From the entries below, transcribe exactly the lines between the line holding "关于铁刃的材质,曾有人工冶铁" and the line holding "两个任务都没什么难度,竞技券和悬赏,都可以很快的打完。", inclusive; skip all other lines.

** The input follows **

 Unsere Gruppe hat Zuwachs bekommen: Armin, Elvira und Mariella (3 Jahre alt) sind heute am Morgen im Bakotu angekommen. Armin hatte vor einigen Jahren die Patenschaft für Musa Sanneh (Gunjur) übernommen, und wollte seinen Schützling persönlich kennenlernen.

** End of The input **
** The input follows **

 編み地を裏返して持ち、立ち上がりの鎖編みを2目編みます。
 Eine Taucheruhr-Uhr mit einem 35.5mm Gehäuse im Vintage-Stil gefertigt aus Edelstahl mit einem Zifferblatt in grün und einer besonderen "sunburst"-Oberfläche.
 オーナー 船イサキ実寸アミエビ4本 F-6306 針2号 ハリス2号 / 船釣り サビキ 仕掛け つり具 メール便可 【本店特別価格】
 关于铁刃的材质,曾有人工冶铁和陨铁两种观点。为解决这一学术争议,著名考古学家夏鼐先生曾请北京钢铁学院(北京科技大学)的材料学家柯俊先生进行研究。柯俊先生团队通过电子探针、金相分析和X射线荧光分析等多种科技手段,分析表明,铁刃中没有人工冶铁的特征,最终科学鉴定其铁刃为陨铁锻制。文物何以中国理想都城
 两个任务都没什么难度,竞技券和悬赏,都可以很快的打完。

** End of The input **

** Your response **
 关于铁刃的材质,曾有人工冶铁和陨铁两种观点。为解决这一学术争议,著名考古学家夏鼐先生曾请北京钢铁学院(北京科技大学)的材料学家柯俊先生进行研究。柯俊先生团队通过电子探针、金相分析和X射线荧光分析等多种科技手段,分析表明,铁刃中没有人工冶铁的特征,最终科学鉴定其铁刃为陨铁锻制。文物何以中国理想都城
 两个任务都没什么难度,竞技券和悬赏,都可以很快的打完。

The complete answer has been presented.